Dean Park is a suburb of Sydney, in the state of New South Wales, Australia. Dean Park is located 43 kilometres west of the Sydney central business district, in the local government area of the City of Blacktown and is part of the Western Sydney region.

==History==
Dean Park takes its name from the Dean family. William 'Lumpy' Dean (1776–1854) received two grants of land of 100 and 50 acres in 1817, and later a third one of 50 acres, beside Eastern Creek. His family owned the Bush Inn on the Western Highway.
Dean Park is home to William Dean Public School named in honour of the Convict originally granted the land.

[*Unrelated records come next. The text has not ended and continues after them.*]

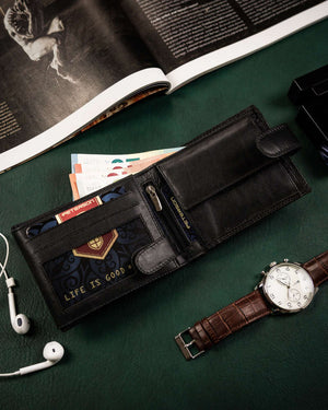 Šis vīriešu maks ir izgatavots no augstas kvalitātes īstas ādas, nodrošinot izturību un eleganci.
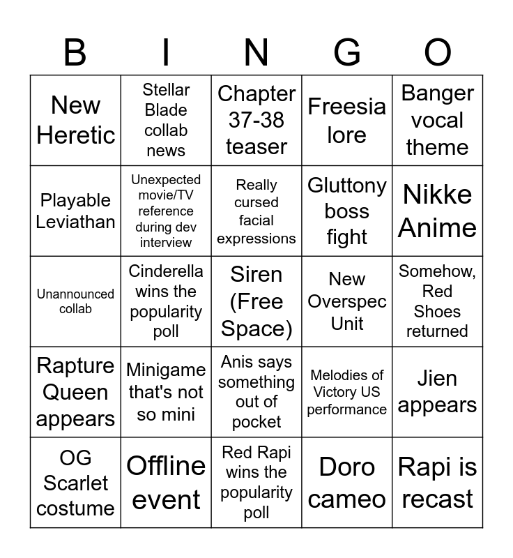 This bingo card has a free space and 24 words: Minigame that's not so mini, Offline event, Really cursed facial expressions, OG Scarlet costume, Banger vocal theme, New Heretic, Playable Leviathan, Stellar Blade collab news, New Overspec Unit, Anis says something out of pocket, Gluttony boss fight, Unannounced collab, Melodies of Victory US performance, Jien appears, Unexpected movie/TV reference during dev interview, Doro cameo, Somehow, Red Shoes returned, Chapter 37-38 teaser, Nikke Anime, Cinderella wins the popularity poll, Rapi is recast, Rapture Queen appears, Freesia lore and Red Rapi wins the popularity poll.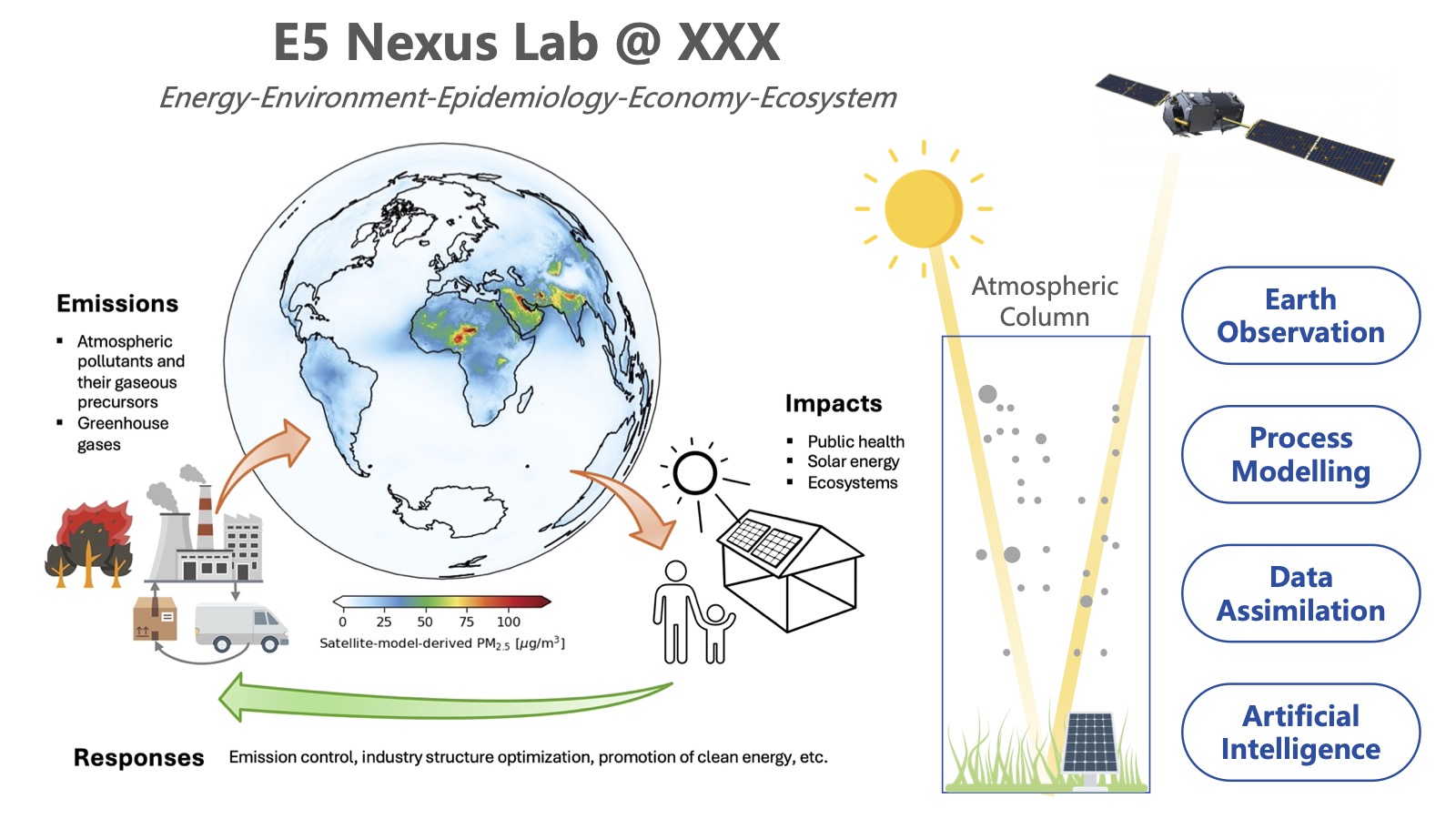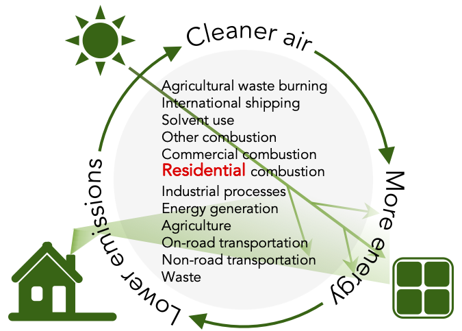 As illustrated in the figure below, our research addresses a conceptual system in which natural and anthropogenic activities generate emissions of air pollutants and greenhouse gases. These constituents are transported and transformed in the atmosphere, ultimately influencing solar energy generation, public health, and ecosystem health, among other impacts. In response to these environmental effects, policy interventions are implemented, which in turn can modify emissions. Our research examines this conceptual system as a whole, while also investigating its individual components.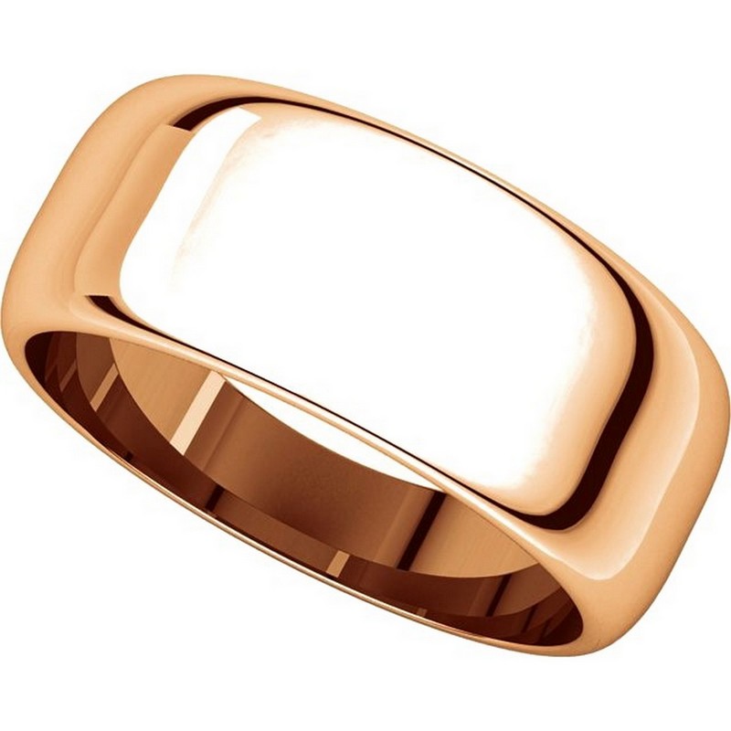 18 kt Rose gold, plain high dome, 8.0 mm wide wedding band. The finish on the wedding ring is polished. Other finishes may be selected or specified.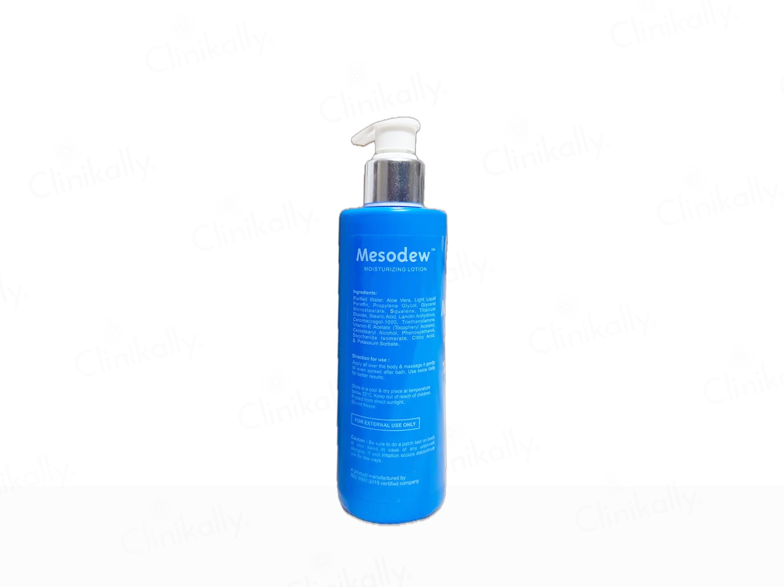 Mesodew Moisturizing Lotion contains Aloe Vera, Vitamin E, Squalene, and other moisturizing ingredients.

The suburb was originally planned and developed in the early 1980s. Some of the street names are aboriginal in origin such as Yarramundi Drive. It is said that other street names take on the names of the original site developers, the Hoyle brothers (Nathan, Kenneth and Wayne).

==Transport==
Dean Park is serviced by busways routes 754 and 751

==Population==
At the , there were 3,180 residents in Dean Park. 55.5% of people were born in Australia. The most common countries of birth were Philippines 8.5% and India 6.0%. 54.6% of people spoke only English at home. Other languages spoken at home included Tagalog 5.4%, Arabic 4.7% and Punjabi 3.7%. The most common responses for religion were Catholic 31.1%, No Religion 21.0% and Anglican 7.7%. Of occupied private dwellings in Dean Park, 95.4% were separate houses.

==Notable residents==
Notable former residents of Dean Park include:
- Former Guantanamo Bay inmate Mamdouh Habib.
- National Rugby League Grand Final champion Luke Swain.